Good health care has always been scarce here, but the border boom makes it worse: a third of all tuberculosis cases in the U.S. are concentrated in the four border states. Among the hospitals in El Paso, 50% of the patients are on some kind of public assistance, mainly Medicaid. Just about the only patients paying full freight, up front, are rich Mexicans who cross over to see a specialist. "Border towns have a double burden of disease," says Russell Bennett, chief of the U.S.-Mexico Border Health Commission: "those of emerging nations, like diarrhea, as well as [First World] diseases like stress and diabetes."

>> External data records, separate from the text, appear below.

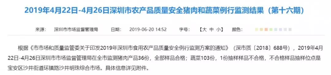 最近的深圳 真的特別火辣 辣到讓人不敢直視 滿腦只想著怎么降溫 雖然吃雪糕很爽 但一直吃不能一直爽 因?yàn)?/p> 廣東人會(huì)心一笑 開始喝起了涼茶 至于吃 最近流行起了一種說(shuō)法 吃菜能降溫 作為吃菜星人食安君 覺得此法可以一試 但在此之前 必須先關(guān)注最新的菜肉抽檢資訊呀 2019年4月22日-4月26日 共抽檢36份豬肉和103份蔬菜 豬肉抽樣樣品全部合格 蔬菜有1份抽樣樣品不合格趕緊來(lái)看看 是哪份蔬菜抽樣樣品不合格? 不合格樣品抽樣信息 最后 記住要時(shí)刻關(guān)注抽檢信息哦 想要身體健康 就從守護(hù)自己的菜籃子做起! 食安君提醒大家 2019年深圳市食品安全宣傳周啟動(dòng)儀式 就要開始啦! 你,期待嗎? 編輯整理:深圳食事藥聞 轉(zhuǎn)載請(qǐng)注明以上內(nèi)容
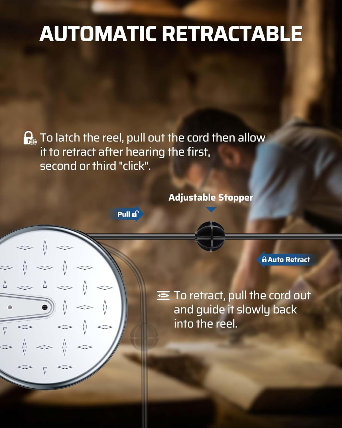- 【 Automatic Retractable 】 The power cord reel retracts quickly and smoothly with a clever auto-guide rewind mechanism to avoid kinks and tangles; the ratcheting system will lock the cord at any length and allow you to quickly store it when finished
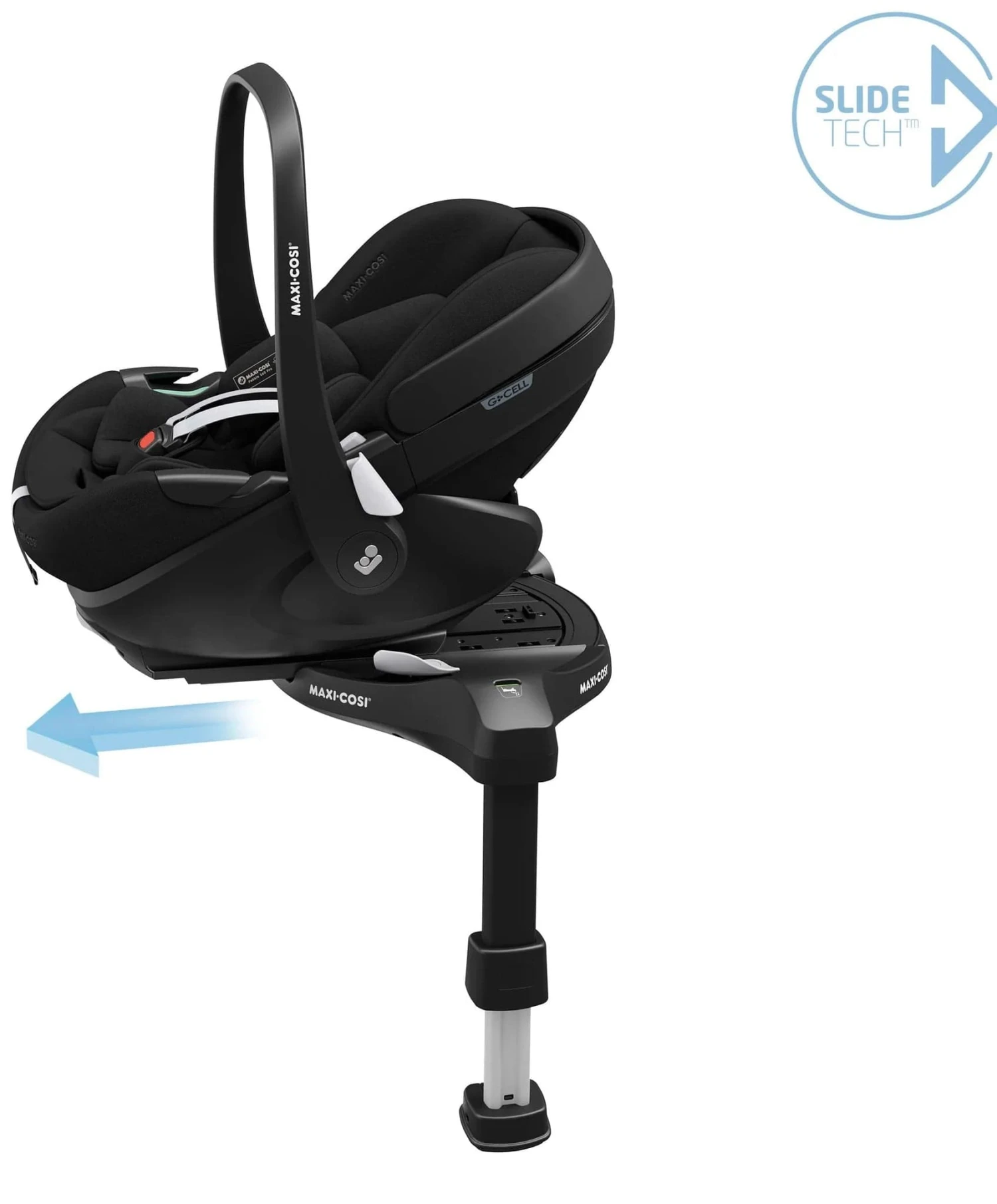 Maxi-Cosi Pebble 360 Pro is part of the 360 Pro Family range, featuring one-hand rotation and SlideTech™ – our revolutionary sliding car seat technology that makes every day easier. No backache, head bangs or struggles; simply lock, slide, spin and go! The Pebble 360 Pro delivers maximum sleep comfort for your baby, from birth to 15 months. The seat features three recline positions (including a superior full lie-flat position) which can be used in the car and attached on a pushchair. The lie-flat position offers a more natural sleeping position for babies, as it helps keep their airways open and allows them to breathe more easily. When used with the rotating FamilyFix 360 Pro slide out base (sold separately), you can effortlessly rotate and slide your child toward you. The Easy-in harness adds even more convenience, allowing you to fasten your baby in with minimum fuss. On the road, Maxi-Cosi’s integrated G-CELL Side Impact Protection provides superior safety.

The poor on both sides are united by a struggle just to survive what most Americans can barely imagine. In the rural El Paso outpost of Revolución, mothers cross into Juarez to buy methyl parathion, a pesticide so lethal it is banned in the U.S.; they sprinkle it around their shanties, and it kills the roaches and tarantulas for a year. But their children play in that dust and dirt, and when they get sick, their parents take them to Juarez doctors, who are cheaper and stay open into the night. If the children die, they are buried across the border; it costs about $150, instead of the $2,000 for an American grave.

Local officials are forever pestering the feds for help: If you don't build another bridge and put more Customs people on the ones we have, how can we solve our pollution problem, with 15-year-old cars idling in lines that stretch for miles? How can you order us to educate any child who appears on our school doorstep but not give us the money to do it? Where are we going to find enough water? The congressional Hispanic caucus wants $1 billion in spending on roads and bridges and Customs officers; El Paso state senator Eliot Shapleigh and other Texas lawmakers have called for a Marshall Plan for the border; El Paso Congressman Sylvestre Reyes wants Bush to appoint a border czar who could cut through the red tape and make things happen.

For the first time in years, maybe ever, both the U.S. and Mexico have leaders who understand this region, know that in some ways their hemisphere's economic future may depend on whether they can fix what is broken here. Bush met with Fox three times in his first 100 days, blowing away the old once-a-year tradition. Fox dreams of a day when the border is open, and his countrymen no longer flee to survive. As Fox told Ernesto Ruffo, his top aide on the region, "Put holes in the border."